A infância é o que resta de prazeroso na nossa memória de adultos. Tempo sem remorsos, sem dramas, mesmo com as cobranças, as tarefas e as carências materiais num Brasil mais pobre e rural. Havia o estudo, mas também tempo para brincar. Havia o rigor de uma educação tradicional, mas também caniços e piavas, o futebol e as fundas que assustavam passarinhos(não tínhamos pontaria boa o suficiente para acertar neles).
Eram anos de rios com água em abundância correndo entre casas e pastos, entre arrozais e milharais, entre arbustos e aquela faixa de terra que os moradores deixavam arborizada, para evitar a erosão. Rios que rendiam banhos nos dias de calor e que se tornavam perigosos em dias de tormentas.Eram tempos de roça e potreiros. Os campinhos margeavam as estradas de terra onde a gurizada marcava seus torneios e carrasquinhos para ocupar as horas nos fins de tarde do interior.
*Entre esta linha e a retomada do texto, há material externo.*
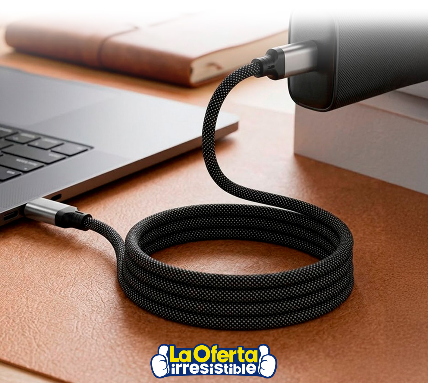 Este cable magnético USB-C a USB-C ofrece una solución práctica y eficiente para cargar y sincronizar tus dispositivos. Con potencia de hasta 60W, permite una carga rápida y estable, ideal para smartphones, tablets y otros dispositivos compatibles con puerto USB-C. Su diseño con conector magnético facilita la conexión y ayuda a proteger el puerto del dispositivo, brindando mayor comodidad en el uso diario. Además, cuenta con un revestimiento trenzado y conectores de aleación de aluminio, que aportan mayor resistencia, durabilidad y un mejor rendimiento en la transmisión de datos.Podés canjear este artículo usando tus Metros OCA

Eram os fins de semana na casa de algum tio, as pescas em que primos metiam a mão embaixo das pedras e, em vez de peixes, traziam uma cobra d’água. Anos de festas de igreja regadas a gasosas, de novenas e domingueiras, de dedicatórias musicais pelo alto falante, e de italianos jogando a mora. De bergamotas fartas, de inocência mesclada com a tentação de espiar as meninas trocando de roupa pelas vidraças do grupo escolar.
Na teia que tece a memória restam pedaços, resquícios, retalhos de um período único, em tudo diferente dos dias de pressa e atribulações da vida adulta, em que o encanto e a confiança dão lugar às obrigações, ao mau colesterol e às despesas fixas. Hoje, essas passagens retornam esparsas, como alertas de que nem tudo podemos e de que nem sempre somos o que sonhamos.